• [Required work]: Please make an exact copy of the lines from the one holding "Main Body x 1" through the end of the data, both ends included, with no pictures.

• [Supplied information]:
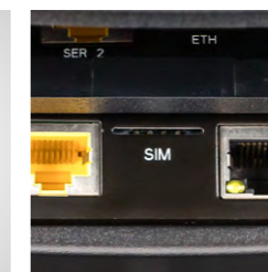
Direct connection of Orderman radio without power supply unit (PoE) (optional)
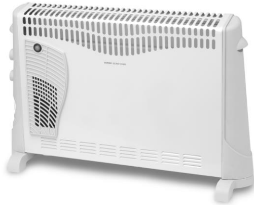
Main Body x 1
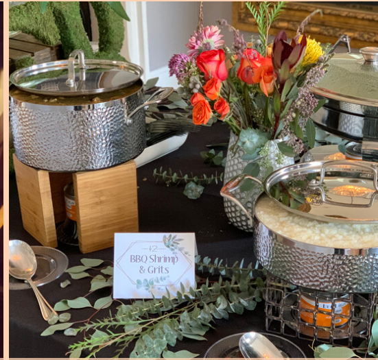
BBQ SHRIMP & GRITS
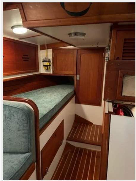
Walk-In Aft Quarter Berth
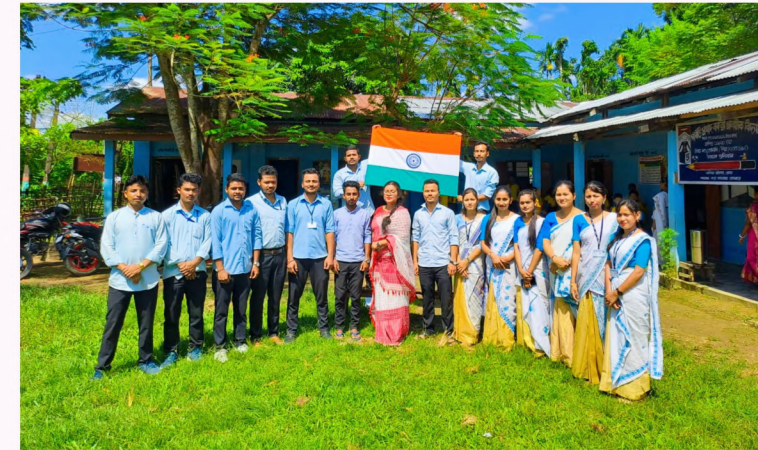
MENTOR AND TEACHER TRAINEES WITH THE NATIONAL FLAG OF INDIA

• [Answer to this exercise]:
Main Body x 1
BBQ SHRIMP & GRITS
Walk-In Aft Quarter Berth
MENTOR AND TEACHER TRAINEES WITH THE NATIONAL FLAG OF INDIA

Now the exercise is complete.